[Opening Records shown section]

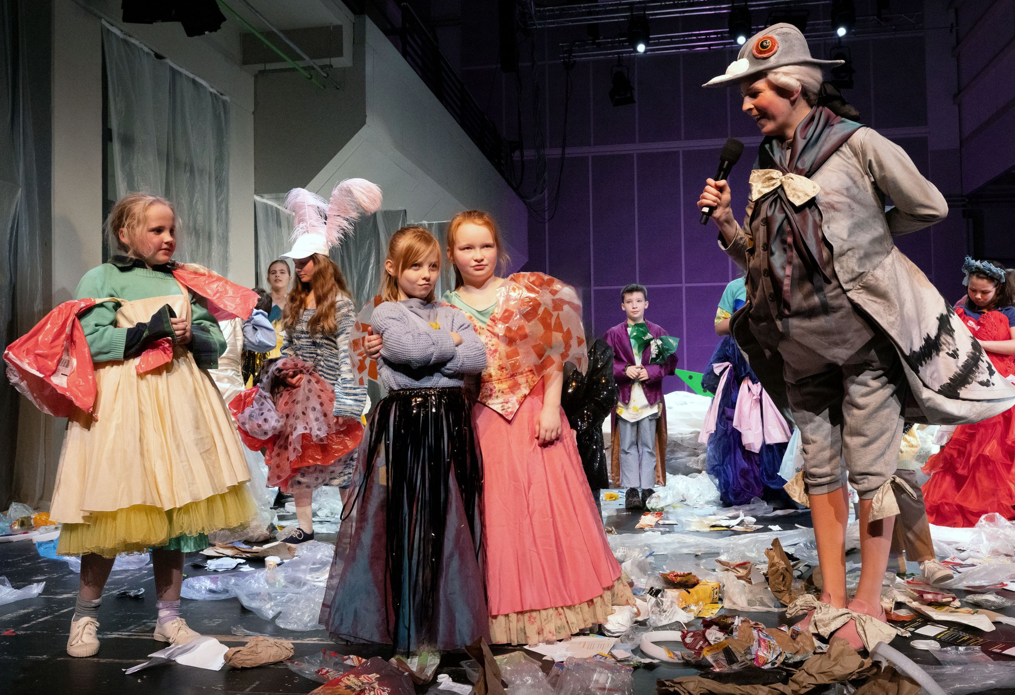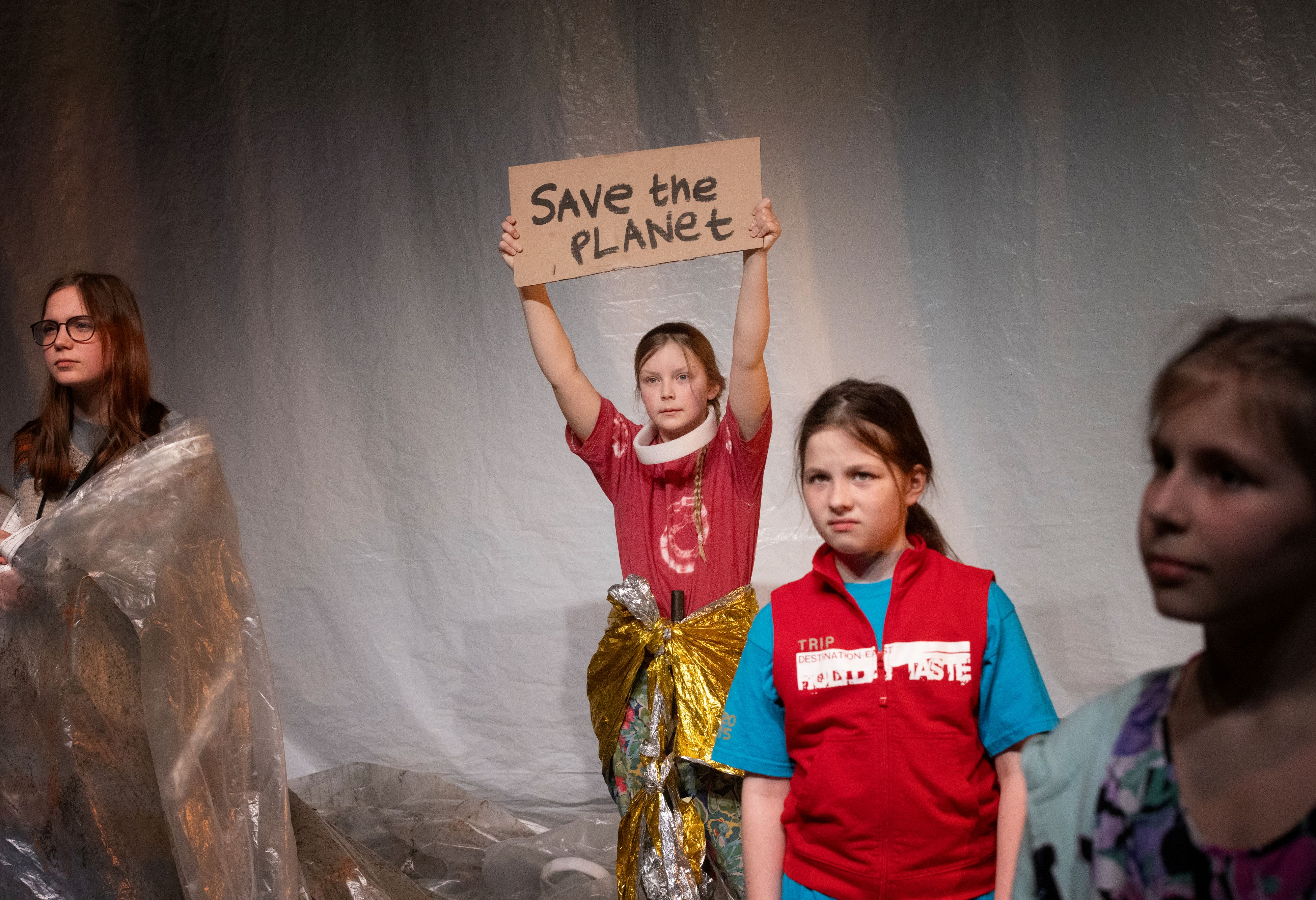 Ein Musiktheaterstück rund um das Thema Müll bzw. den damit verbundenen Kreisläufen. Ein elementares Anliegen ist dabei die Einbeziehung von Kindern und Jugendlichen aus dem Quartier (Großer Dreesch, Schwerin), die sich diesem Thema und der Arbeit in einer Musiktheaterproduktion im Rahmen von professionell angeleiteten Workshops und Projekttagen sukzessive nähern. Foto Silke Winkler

[Closing Records shown section]
[Opening Records shown section]

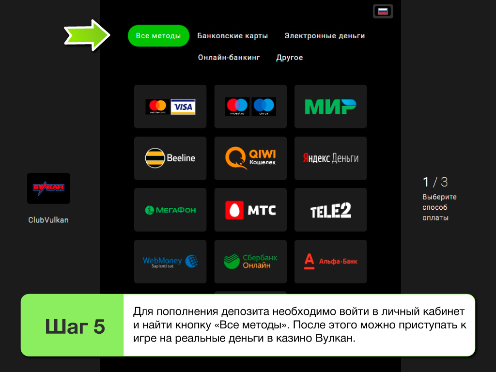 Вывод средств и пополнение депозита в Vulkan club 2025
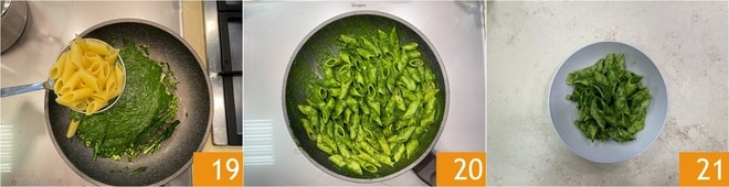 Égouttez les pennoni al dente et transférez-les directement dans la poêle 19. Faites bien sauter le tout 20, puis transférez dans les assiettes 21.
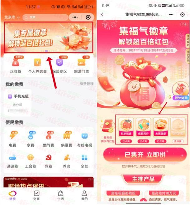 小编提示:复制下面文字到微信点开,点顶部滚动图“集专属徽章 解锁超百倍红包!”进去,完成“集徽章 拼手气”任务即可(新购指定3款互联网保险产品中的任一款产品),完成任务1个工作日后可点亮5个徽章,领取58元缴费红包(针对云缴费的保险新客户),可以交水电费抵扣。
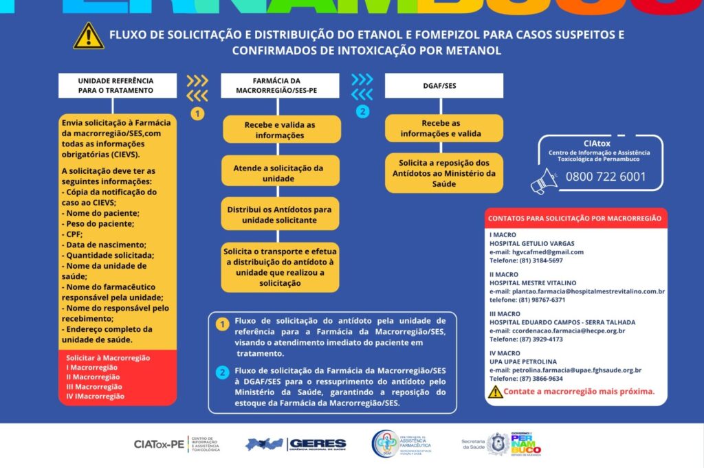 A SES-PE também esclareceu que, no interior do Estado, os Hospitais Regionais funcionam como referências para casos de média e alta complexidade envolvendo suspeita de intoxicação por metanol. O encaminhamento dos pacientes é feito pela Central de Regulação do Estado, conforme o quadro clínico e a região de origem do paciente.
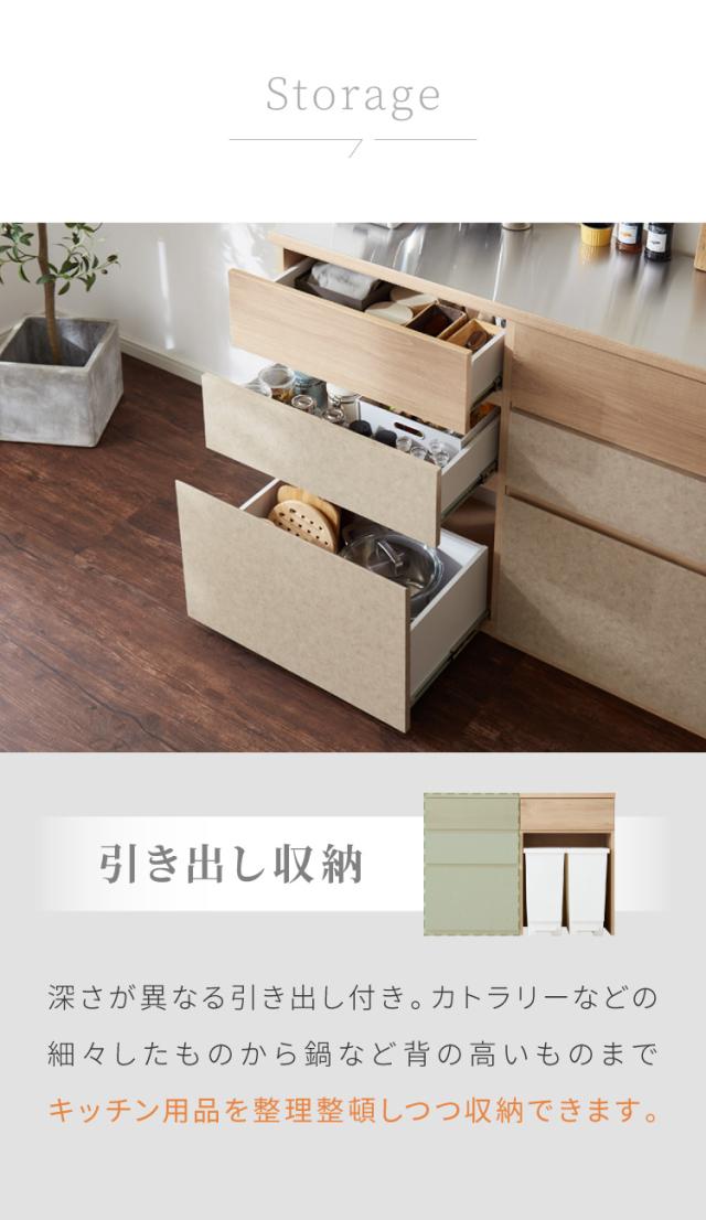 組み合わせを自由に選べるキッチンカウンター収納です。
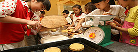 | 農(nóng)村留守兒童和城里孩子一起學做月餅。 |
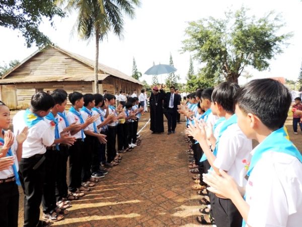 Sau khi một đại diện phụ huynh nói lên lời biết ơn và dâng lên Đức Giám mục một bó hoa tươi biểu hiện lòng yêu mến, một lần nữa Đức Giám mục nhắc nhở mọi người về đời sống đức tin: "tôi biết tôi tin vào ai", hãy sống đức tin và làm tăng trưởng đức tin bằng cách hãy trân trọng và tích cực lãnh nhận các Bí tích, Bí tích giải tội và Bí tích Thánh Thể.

[Closing Records shown section]
[Opening Records shown section]

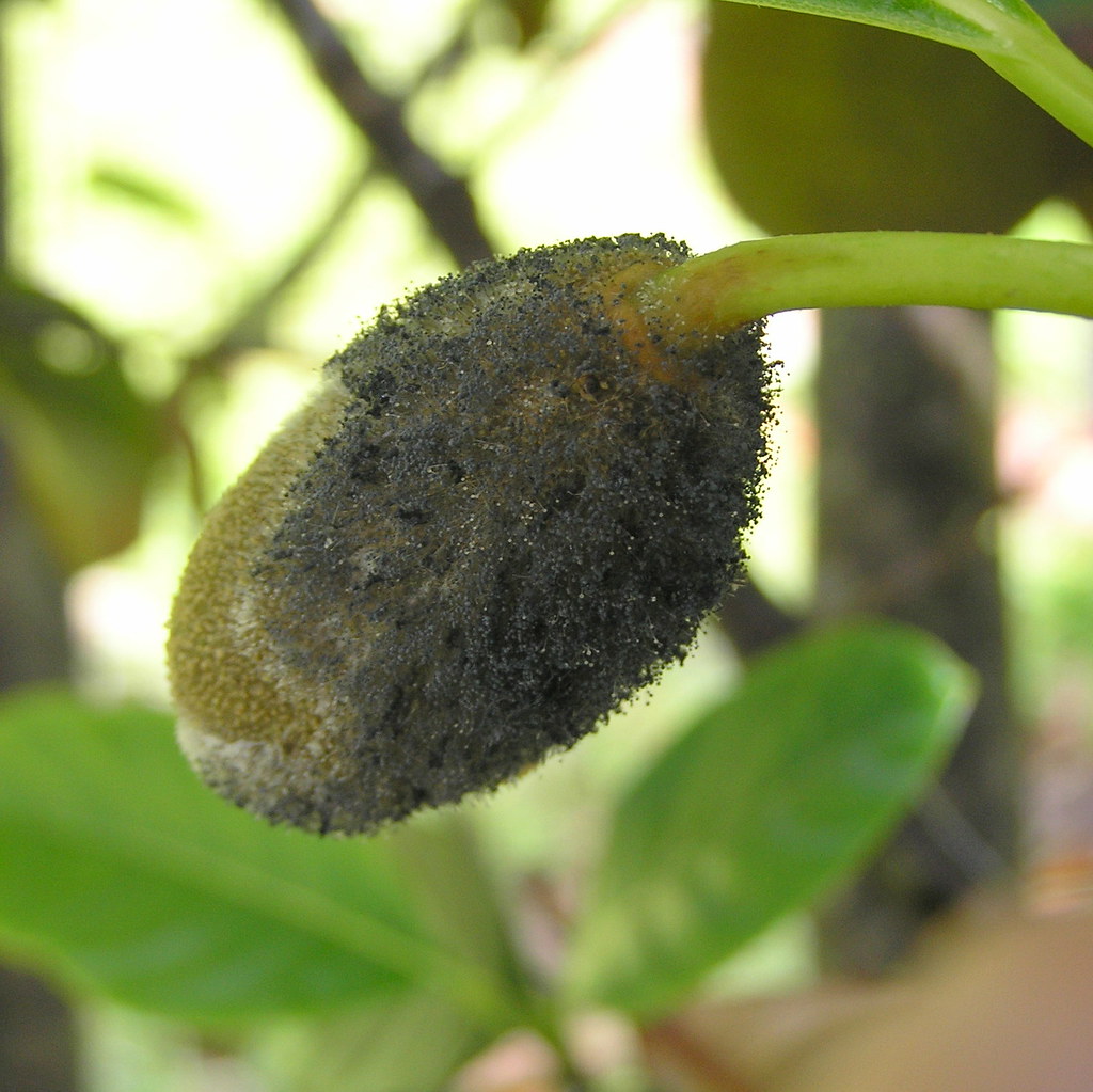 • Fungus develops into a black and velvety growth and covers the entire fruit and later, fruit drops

[Closing Records shown section]

## Try it
Print, exactly and with no pictures, the lines of the listing above starting at the one that has "A SES-PE também" and ending at the one that has "Sau khi một", both included.

## Result
 A SES-PE também esclareceu que, no interior do Estado, os Hospitais Regionais funcionam como referências para casos de média e alta complexidade envolvendo suspeita de intoxicação por metanol. O encaminhamento dos pacientes é feito pela Central de Regulação do Estado, conforme o quadro clínico e a região de origem do paciente.
 組み合わせを自由に選べるキッチンカウンター収納です。
 | 農(nóng)村留守兒童和城里孩子一起學做月餅。 |
 Sau khi một đại diện phụ huynh nói lên lời biết ơn và dâng lên Đức Giám mục một bó hoa tươi biểu hiện lòng yêu mến, một lần nữa Đức Giám mục nhắc nhở mọi người về đời sống đức tin: "tôi biết tôi tin vào ai", hãy sống đức tin và làm tăng trưởng đức tin bằng cách hãy trân trọng và tích cực lãnh nhận các Bí tích, Bí tích giải tội và Bí tích Thánh Thể.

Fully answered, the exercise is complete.